> [Aim of the exercise] From the line that holds "株式会社アースケアは40-5" down to the last line of the listing below, transcribe exactly and only those lines. Leave pictures out.
Segment Start: Available data
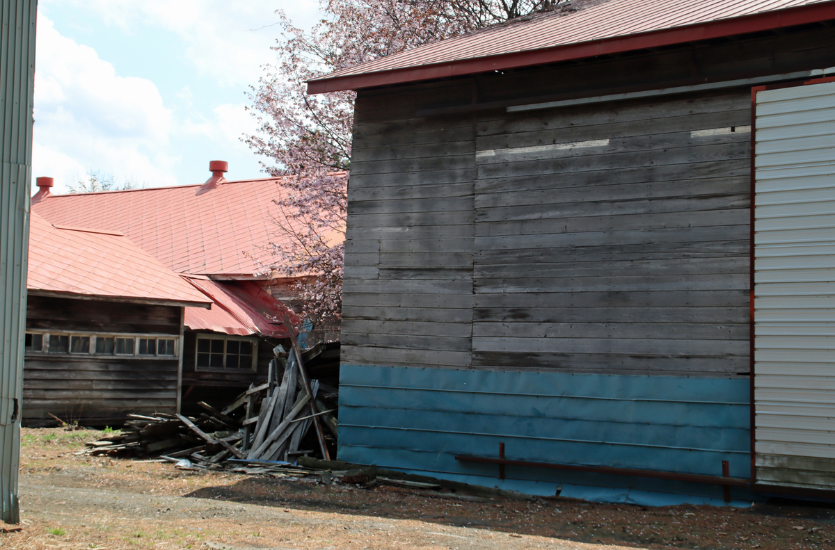 道東自動車道の少し北です。現在酪農家の敷地となっているようです。6号沿いに校舎がありました。周りが木や塀で囲まれており、観察しづらいです。6号側の塀の間から。校舎らしくも見えます。
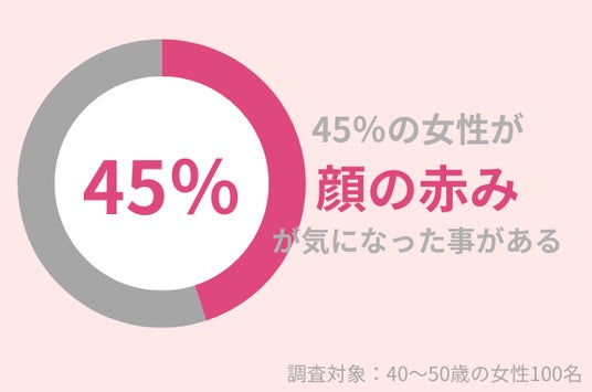株式会社アースケアは40-50歳の女性100名に「顔の赤み」に関する調査を行いました。
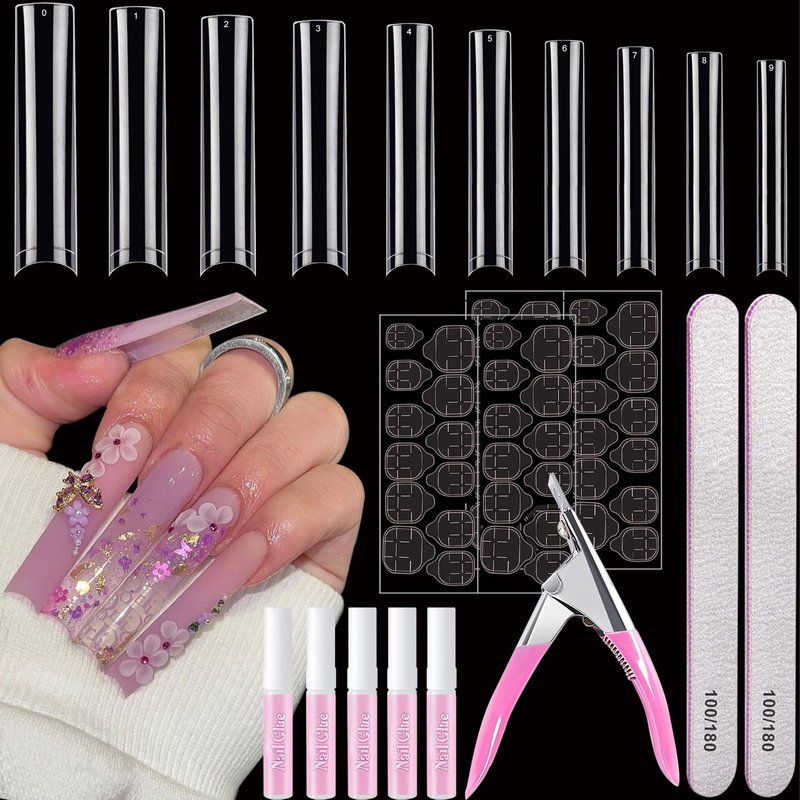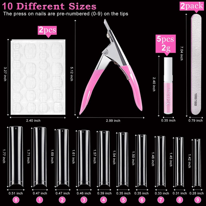 - PACKAGE INCLUDES: 500pcs no c curved square nail tips, 5pcs nail glues, 2pcs nail adhesive tabs, 1pc acrylic nail clipper, 2pcs nail files. Perfect nail kit include a number of essentials for you, which make it a breeze to finesse all ten fingers to your heart's content.
Segment End: Available data
> [Expected answer]
株式会社アースケアは40-50歳の女性100名に「顔の赤み」に関する調査を行いました。
 - PACKAGE INCLUDES: 500pcs no c curved square nail tips, 5pcs nail glues, 2pcs nail adhesive tabs, 1pc acrylic nail clipper, 2pcs nail files. Perfect nail kit include a number of essentials for you, which make it a breeze to finesse all ten fingers to your heart's content.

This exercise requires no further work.